En tout cas, je trouve que la plume a muri entre les deux. Dans Route de nuit, on commence à sentir naitre le style si caractéristique de Simon Perdrix, mais il n’est pas encore mûr et marquant comme il peut l’être dans sa trilogie.

Bon, après, très honnêtement, que ce soit pour l’un ou pour l’autre, j’aime tout autant la plume de l’auteur, parce qu’au final il y a une même base. Cette lecture a vraiment fait son taff de recueil d’horreur et même au-delà de mes espérances. Simon ose. Il veut écrire un truc, il l’écrit et fuck la censure, il y en a pas quand on est auto-édité, de toute façon !

On sent que c’est écrit avec les tripes et surtout que l’auteur prend des risques et j’aime ça.


PÉPITE OU PAS PÉPITE ?

C’est un très bon recueil d’horreur. On y retrouve l’hémoglobine, la tension, le cash et aussi le trash qu’on attend du genre. Clairement, je le conseillerai pas à tout le monde, parce que comme je disais, ça prend aux tripes, donc si tu n’es pas prêt à lire quelque chose d’aussi violent, c’est mal barré.

Et quand je parle de violence, ce n’est pas simplement un couteau dans le bide et des corps éviscérés. Non, parce que la violence peut prendre tout un tas de formes et ce ne sont pas les plus visuelles qui sont forcément les plus marquantes.
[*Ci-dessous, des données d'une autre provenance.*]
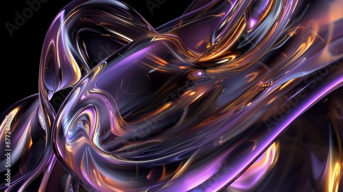 A dynamic and abstract representation of flowing intertwined metallic or glasslike structures These structures exhibit a shimmering iridescent quality with hues of purple gold and black They appear to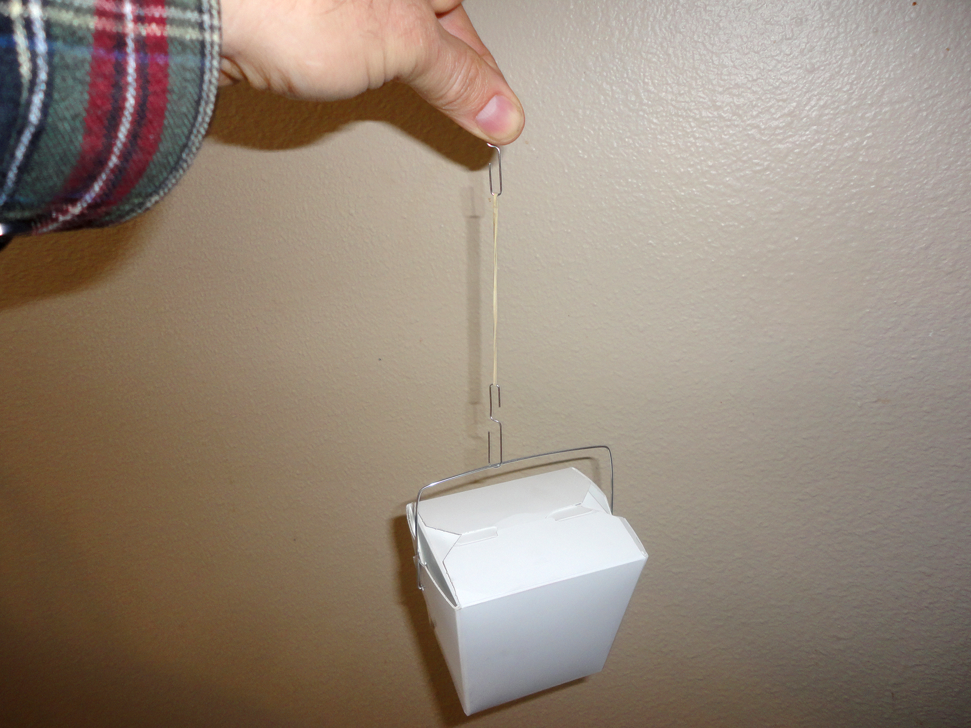 Hang your small object to get the force needed to pull it straight up. Measure this distance and record it. To see this is the force needed to pull the object straight up, put the object on the floor beside the chair and lift it straight up. See how the rubber band pulls the same distance?

Pour ma part, une scène en particulier a été très dure à lire, au point où j’en ai eu mal au ventre. Est-ce que c’était une scène de torture ? Non. Est-ce qu’il y a avait une explosion de violence ? Non. Est-ce que ça venait des propos des personnages ? Non. Je ne rentrerai pas dans les détails, mais Simon a réussi l’exploit de nous faire vivre un crime au travers de son exécuteur. Il a réussi à retranscrire le manque de scrupule, voir même la jouissance de ce dernier. Il a « banalisé » le crime, exprès pour qu’on soit encore + rebuté par lui. Et ça marche. Ça marche tellement, que l’on ressent l’émotion de haine et d’impuissance comme si ces faits étaient réels. Si tu n’es pas prêt à vivre ça, je ne te conseille pas de te lancer dans l’aventure.


OÙ TROUVER LE ROMAN ?

Comme toujours, je te mets le lien pour te fournir le roman sur Amazon. Tu peux également suivre l’auteur (fais-le !) sur son site ou sur les réseaux sociaux (Instagram, Twitter).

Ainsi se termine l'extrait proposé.